The Minnesota Lynx got the prize they’ve been craving since the end of the WNBA Finals in 2016. It was heartbreak last year, but joyous celebrations this season. They are champions after beating the Los Angeles Sparks 85-76 in the 2017 WNBA Finals. It was a Finals series to remember as the Lynx gave it their all and got their hands on their fourth championship in six years.
Sylvia Fowles finally buried the ghost of the last rebound of the 2016 Finals as she scored 17 points and grabbed a WNBA Finals-record 20 rebounds in the Minnesota Lynx defeat of the Los Angeles Sparks in Game 5 of the 2017 WNBA Finals.
Fowles, who recorded double-doubles in every game of the Finals, also became the first person to be named both regular-season and Finals MVP since Lauren Jackson annexed both honors while playing for Seattle Storm in 2010. It is the second Finals MVP award for Fowles, following her 2015 Finals MVP win.
“My coaches leaned on me, my teammates leaned on me. From the start of the season, we just wanted to grind. We told ourselves that [if] we give ourselves the opportunity to get back here to a Game 5, that we will win it on our floor again and that’s exactly what happened. So you have to give your teammates credit for pushing you, and getting you back to Game 5,” Fowles said immediately after the game.
As it was in Game 2, when the Lynx rallied to tie the Finals on their floor, all the Lynx starters scored in double figures. The only difference is that this time, with a championship on the line, they combined for more points. Maya Moore, who made the last jump shot of the Finals, led her team with 18 points, Fowles and Lindsay Whalen scored 17 each, Seimone Augustus scored 14 and Rebekkah Brunson contributed 13 points.

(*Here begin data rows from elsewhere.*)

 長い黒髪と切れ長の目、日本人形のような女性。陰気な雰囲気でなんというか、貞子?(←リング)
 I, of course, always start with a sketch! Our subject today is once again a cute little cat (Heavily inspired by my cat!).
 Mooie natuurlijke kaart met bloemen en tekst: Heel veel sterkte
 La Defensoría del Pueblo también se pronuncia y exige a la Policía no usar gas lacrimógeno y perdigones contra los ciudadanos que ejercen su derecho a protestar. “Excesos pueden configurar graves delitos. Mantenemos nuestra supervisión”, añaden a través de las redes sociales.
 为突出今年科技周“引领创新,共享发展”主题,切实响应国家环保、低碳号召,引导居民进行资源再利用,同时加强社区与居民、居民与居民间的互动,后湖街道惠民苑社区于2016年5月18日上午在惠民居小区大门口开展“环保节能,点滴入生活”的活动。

Brunson also became the first player in WNBA history to win five championships. She won her first title with the Sacramento Monarchs, and won the remaining four with Minnesota, who have now matched the Houston Comets as the only team with four WNBA championships. Minnesota also kept their streak of landing a title every odd year alive, as they have now won a title in 2011, 2013, 2015 and 2017.

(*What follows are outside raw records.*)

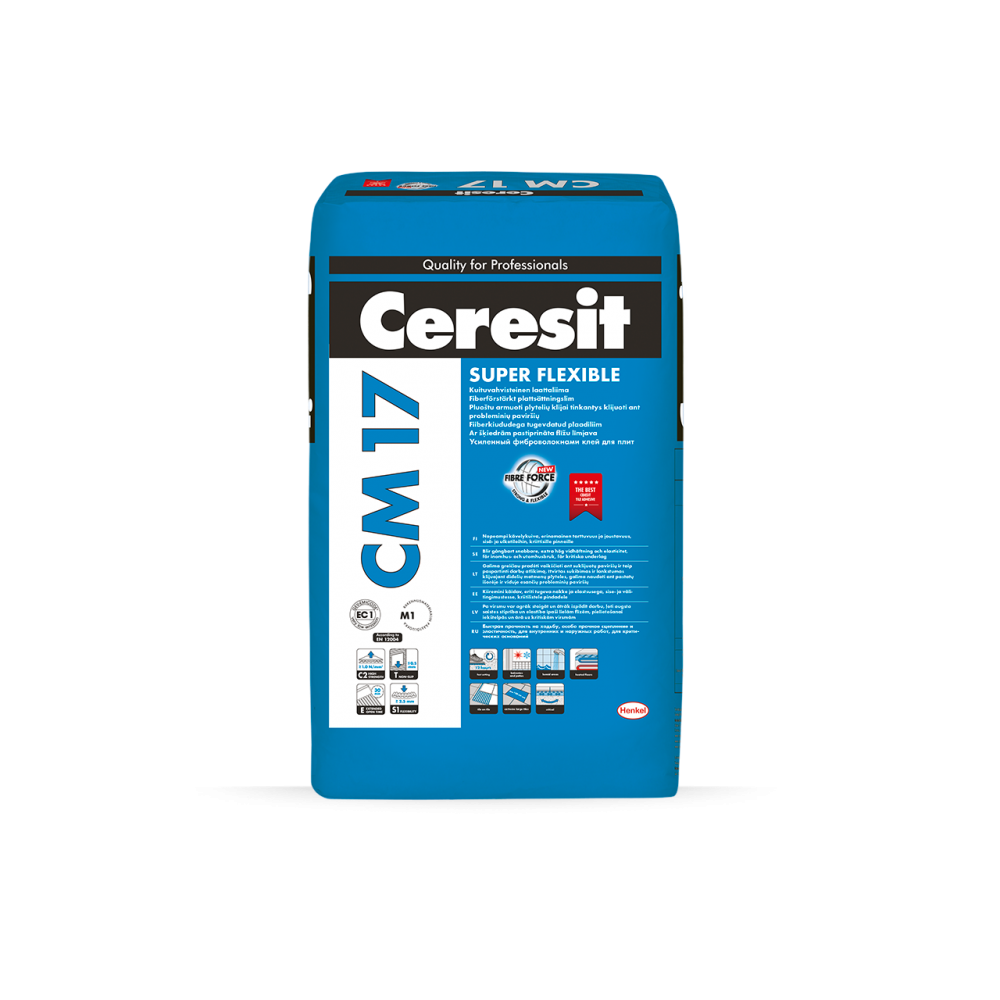 Mišinys Ceresit CM 17 Super Flexible skirtas keraminėms (glazūruotoms, plytelėms iš terakotos), cemento, klinkerio ir akmens masės (išskyrus marmuro) plytelėms tvirtinti ant besideformuojančių pagrindų.
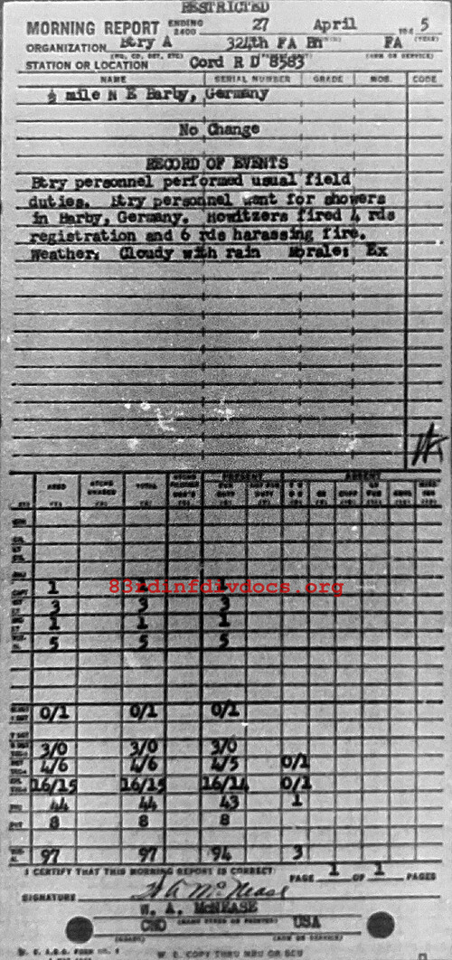 Btry personnel performed usual field duties. Btry personnel went for showers in Barby, Germany. Howitzers fired 4 rds registration and 6 rds harassing fire. Weather: Cloudy with rain. Morale: Excellent.
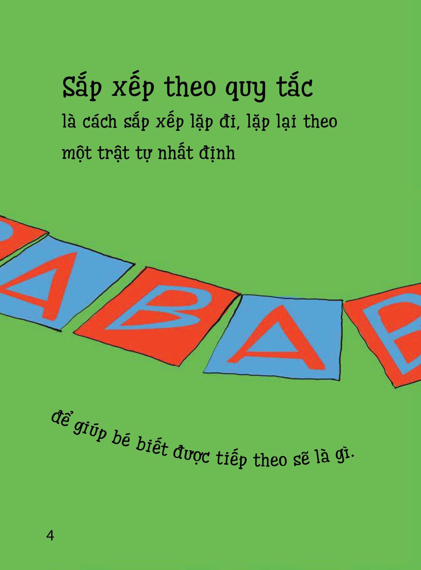 Đỏ, xanh, đỏ… rồi đến màu gì nhỉ?: Giúp bé làm quen với khái niệm sắp xếp theo quy tắc với các ví dụ từ màu sắc, hình dạng, đồ vật gần gũi xung quanh bé.

“It feels so good, but I’ve been blessed to be on great teams,” Brunson said after the win. “This team depends on me to give them some energy from the beginning of the games, and you can see that whenever I didn’t do that during the series, things didn’t end up well for us. So I just knew that tonight I want to come out and give energy, passion and everything that I had.”
Candace Parker, who led all scorers in last year’s Finals, also led with 19 points this season, as she finally delivered the performance the Sparks had been waiting for. She also added a team-high 15 rebounds, plus five assists and four blocked shots; she was the only Los Angeles Sparks player to record a blocked shot. But it was too little, too late.

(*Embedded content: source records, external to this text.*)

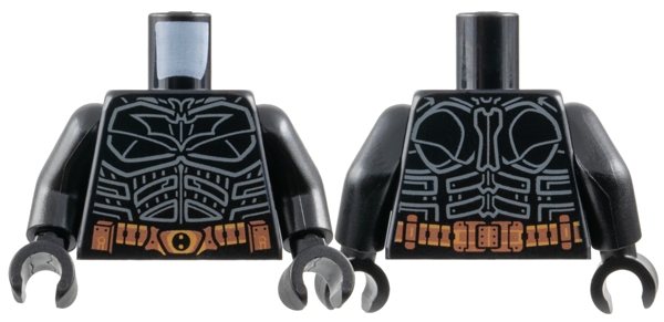 Torso Batman Suit with Dark Bluish Gray Bat, Panel and Muscles Outline, Copper and Medium Nougat Utility Belt Pattern / Black Arms / Black Hands
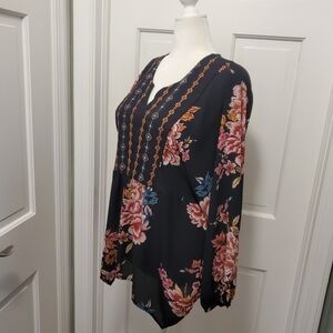 Style & Co. Floral Print Tunic Blouse Size XL Handerchief Hemline 100% Polyester
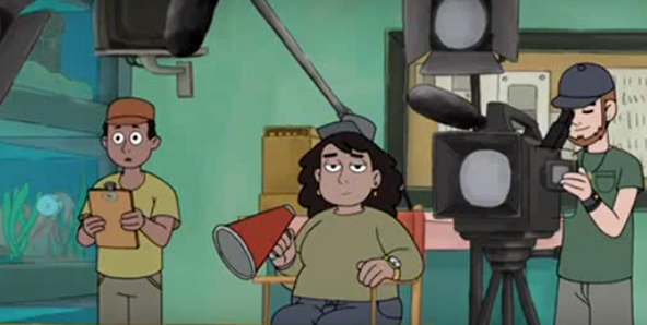 Itu, yang tampaknya asisten sutradara, memiliki kulit gelap dan rambut hitam. Dia terlihat mengenakan celana jeans khaki, kemeja kuning, dan topi oranye. Dia juga terlihat memegang clipboard.
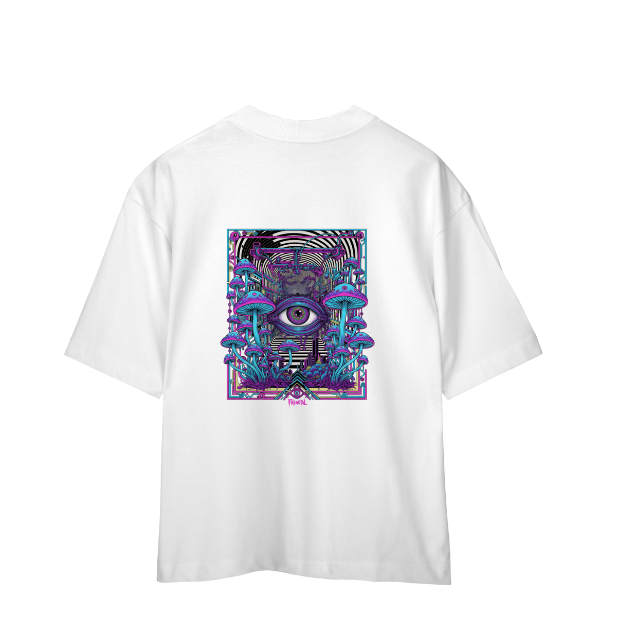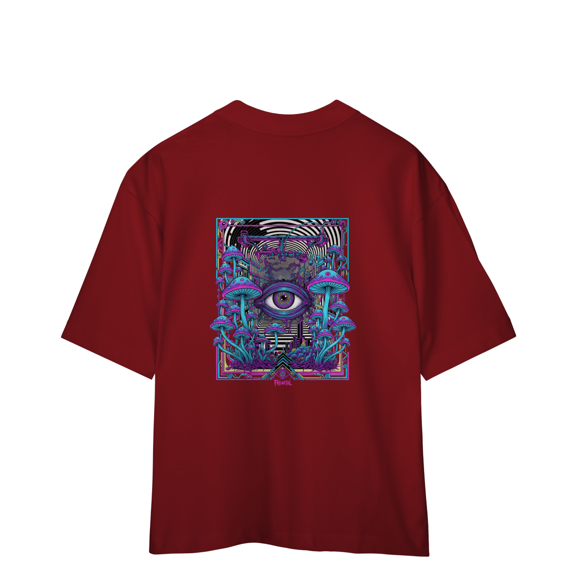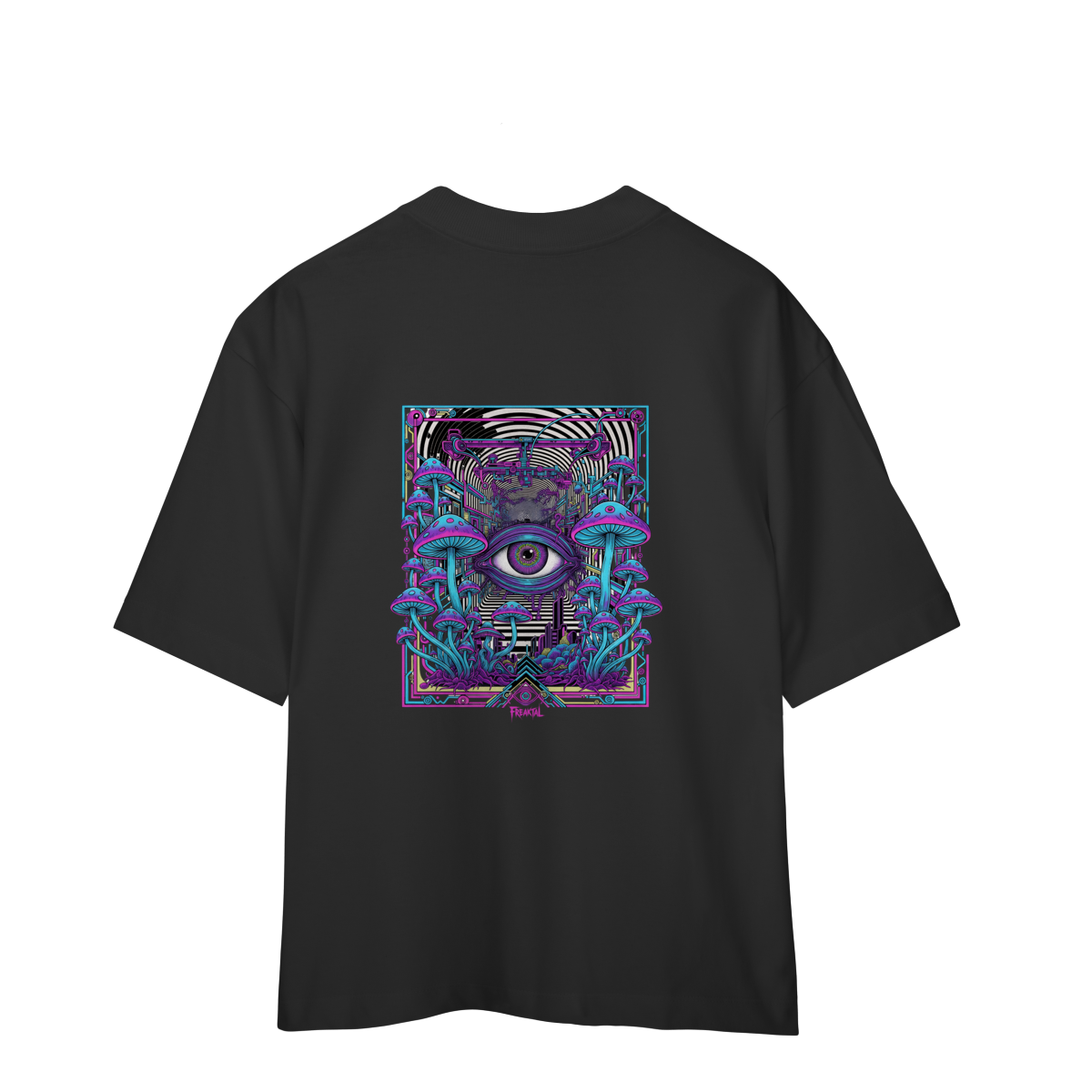 A estampa Psychoeye é o seu portal pessoal para o mindscape — uma explosão de cores e formas que desintegra a realidade. No centro, o Olho da Percepção observa o túnel dimensional, enquanto os cogumelos psicodélicos atuam como guias vibracionais.

Nneka Ogwumike, who wasn’t at her most dominant, managed 11 points, only three rebounds, and fouled out of the game with 5:29 remaining. Chelsea Gray scored 15 points, Odyssey Sims added 14 and the pair of Jantel Lavender and Riquna Williams contributed eight and seven points from the bench.
The determination of the Lynx can be measured from their defensive attempts, as they outrebounded the Sparks 46-29, the biggest margin between both teams in this Finals. The Sparks were also more economical with their shot selections, as their two made 3-point shots from 10 attempts look better than Sparks’ two of 18 from the same range.